Taylor Series of $2xe^x$

Question

I have to find the Taylor Series for $2xe^x$ centred at $x=1$. I came up with the following.

$$e^x = e^{x-1} \times e = e \bigg( \sum_{n=0}^\infty \frac{(x-1)^n}{n!}\bigg)$$

Then consider $2xe^x$.

$$2xe^x = 2xe \bigg( \sum_{n=0}^\infty \frac{(x-1)^n}{n!}\bigg) = \bigg( \sum_{n=0}^\infty \frac{2xe(x-1)^n}{n!}\bigg) $$

I am wondering whether this is a right Taylor Series centred at $x=1$. I do understand that the $(x -1)^n$ implies that it is centred at $1$. But, I am very not sure with my answer since there are two terms of $x$, that is $x$ and $(x-1)^n$.

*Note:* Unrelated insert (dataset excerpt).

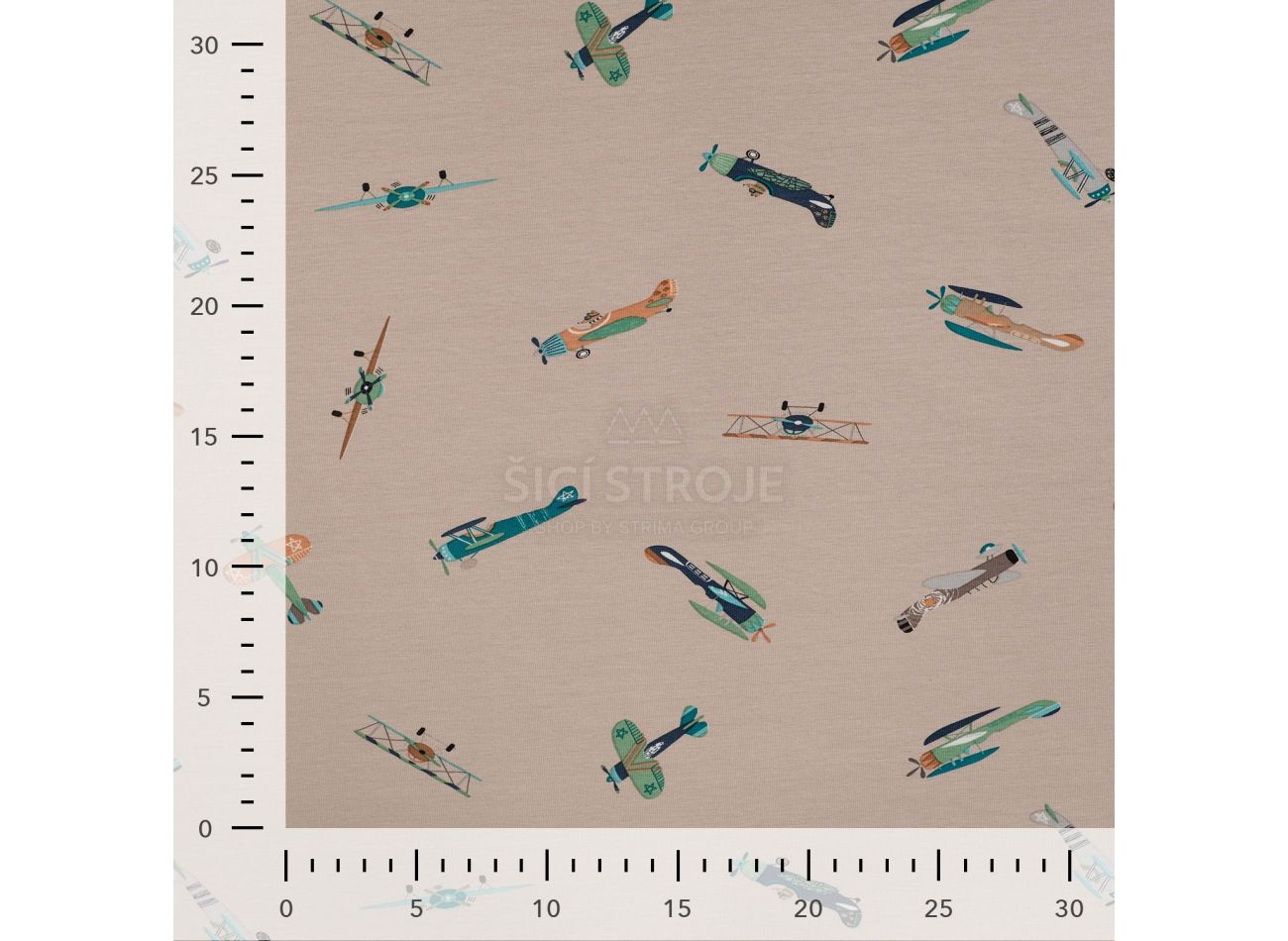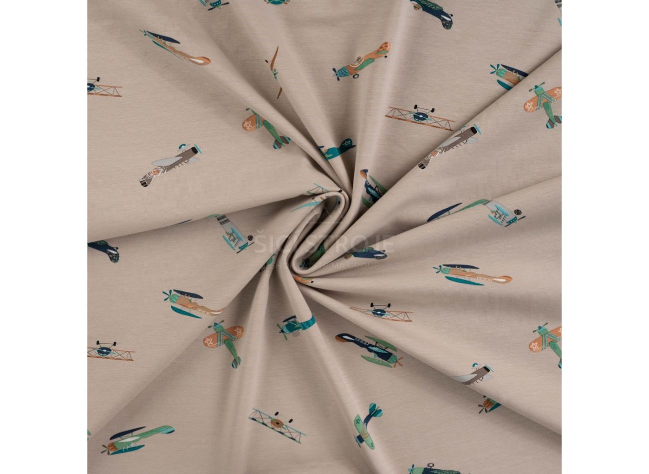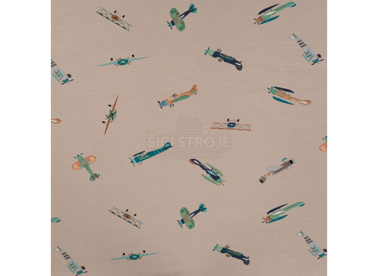 Cotton/EA Jersey Print, 95% bavlna, 5% elastan, minimálna šírka 145 cm, gramáž 200 g/m2, vzor vintage airplanes, farba sand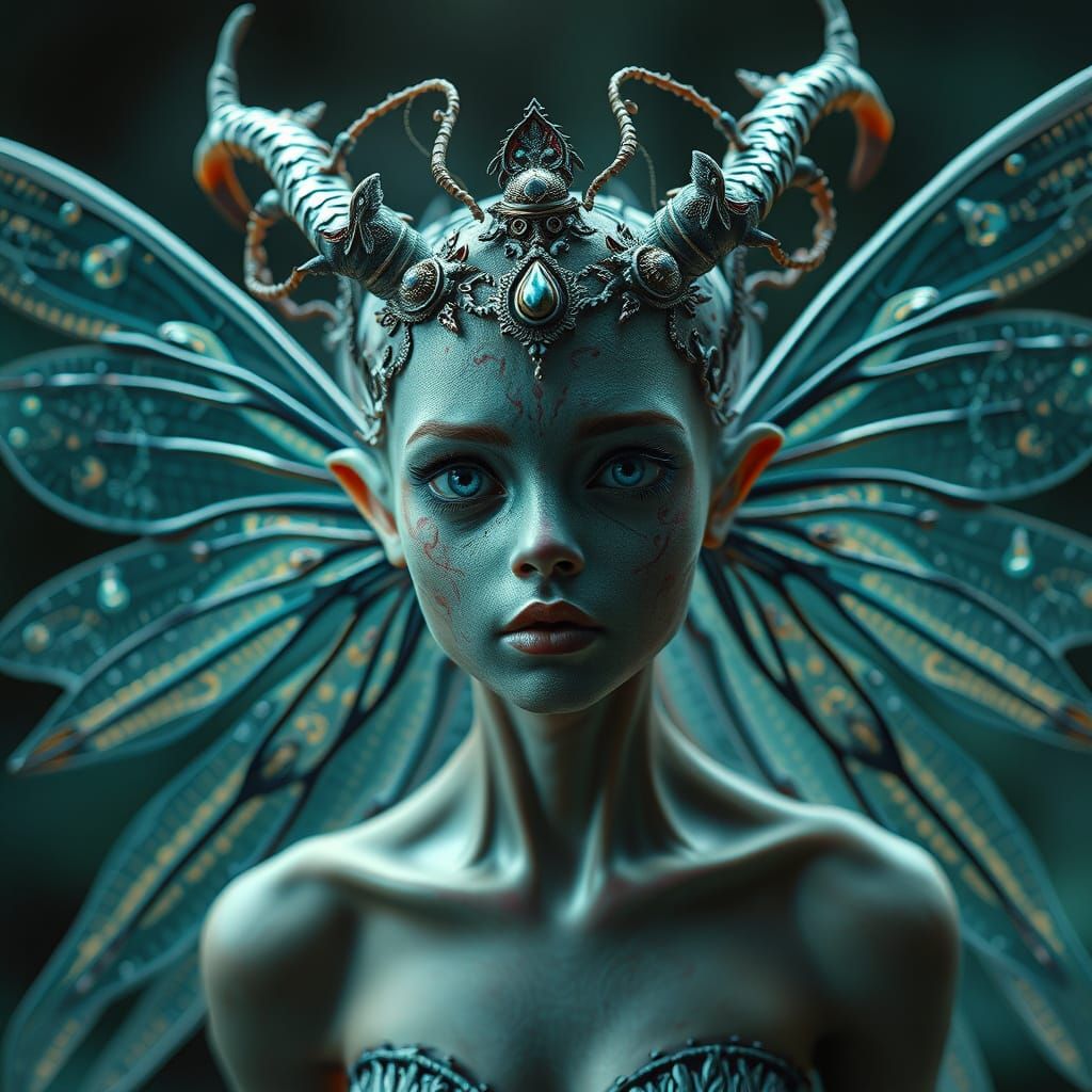 This image shows a beautiful, highly detailed young fairy. The ultra-realistic, 8k panoramic view captures the strange and peculiar details of this stunning creation.

Any clarification and explanation would be highly appreciated.

Answer 1

Write $2xe^x=2(x-1)e^x+2e^x$ and $e^x=e\cdot e^{x-1}$ to obtain $2xe^x=2e(x-1)e^{x-1}+2e\cdot e^{x-1}$. Since $$ e^{x-1}=\sum_{k=0}^\infty\frac{1}{k!}(x-1)^k, $$ we have \begin{align*} 2xe^x&=2e(x-1)e^{x-1}+2e\cdot e^{x-1} \\ &= 2e(x-1)\sum_{k=0}^\infty\frac{1}{k!}(x-1)^k+2e \sum_{k=0}^\infty\frac{1}{k!}(x-1)^k \\ &= 2e\left(\sum_{k=1}^\infty\frac{1}{(k-1)!}(x-1)^k+\sum_{k=1}^\infty\frac{1}{k!}(x-1)^k+1\right) \\ &= 2e\left(1+\sum_{k=1}^\infty\left(\frac{1}{(k-1)!}+\frac{1}{k!}\right)(x-1)^k\right) \\ &= 2e\sum_{k=0}^\infty\frac{k+1}{k!}(x-1)^k. \end{align*}

Answer 2

The expression you have is correct, but I doubt it's what they're looking for. Namely, you'd like to have only terms of $(x-1)^n$ and none of $x$ (since otherwise, it's not really "centered" at $x=1$). It would be a fine solution, as comments suggest, to write $x=(x-1)+1$ and reconstruct the series with that, but an alternate solution which is more calculus-y and makes use of the fact that $e^x$ is a cool function to multiply other things with:

In particular, let $f(x)=2xe^x$. We can easily compute the first few derivatives via the product rule: $$f'(x)=2xe^x+2e^x$$ $$f''(x)=2xe^x+4e^x$$ $$f'''(x)=2xe^x+6e^x$$ and so on - notice that we always have a term of the form $2xe^x$ since the derivative of $e^x$ is $e^x$. More generally, we could write $f'(x)=f(x)+2e^x$ to capture this recurrence - which allows us to expand, for instance: $$f^{(n+1)}(x)=f^{(n)}(x)+\frac{d^n}{dx^n}2e^x=f^{(n)}(x)+2e^x$$ meaning that, for each derivative, we just add a new term of the form $2e^x$. So, we get, in closed form, that: $$f^{(n)}(x)=2xe^x + 2ne^x$$ and this is trivial to evaluate and use to make a Taylor series.

Answer 3

First write down Taylor series for $2xe^x$ centered at $x=0$.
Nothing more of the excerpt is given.